生成AIの活用が企業や組織の課題となる中、多くの自治体もまた、その導入と浸透に試行錯誤を続けています。予算の制約や職員のリテラシー、セキュリティへの懸念など、民間企業とは異なる特有の壁が存在します。そうした中、和歌山県御坊市は、全職員の約7割が利用を申請するという高い浸透率を実現。その成功の裏には、職員が「使ってみたい」と自発的に思える巧みな仕掛けと、市という枠を越えた「共創・協働」の理念があった。今回は、御坊市で生成AI導入を牽引する中村さんにお話を伺いました。

職員の「使ってみたい」を引き出した、体感重視の導入アプローチ
Q.そもそも、御坊市様で生成AIの活用や導入を進めようとなった背景についてお伺いできますでしょうか。
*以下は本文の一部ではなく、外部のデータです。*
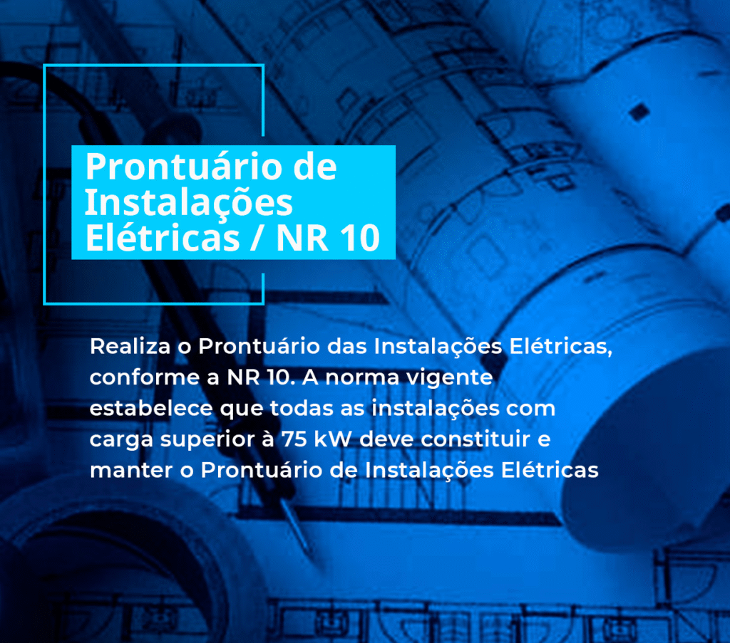 Realizamos o Prontuário das Instalações Elétricas, conforme a NR 10. A norma vigente estabelece que todas as instalações com carga superior à 75 kW deve constituir e manter o Prontuário de Instalações Elétricas, ou seja, precisam preparar um conjunto de documentos, diagramas unifilares e procedimentos que devem ser dispostos organizadamente.

中村さん: 昨年の7月に、庁内向けに生成AIの導入検証を実施したのが直接のきっかけです。実はその2年前にも一度導入検証を行ったのですが、当時は職員にとって未知の技術であり、反応は芳しくありませんでした。しかし、昨年は状況が一変していました。プライベートでスマートフォンからChatGPTを使っている職員も現れ、導入検証の際には「導入してくれてよかった。」という声が聞かれるほど、職員の反応が非常に良好でした。世の中全体で生成AIが身近な存在になったことが追い風となり、庁内でもスムーズに導入へと進めることができました。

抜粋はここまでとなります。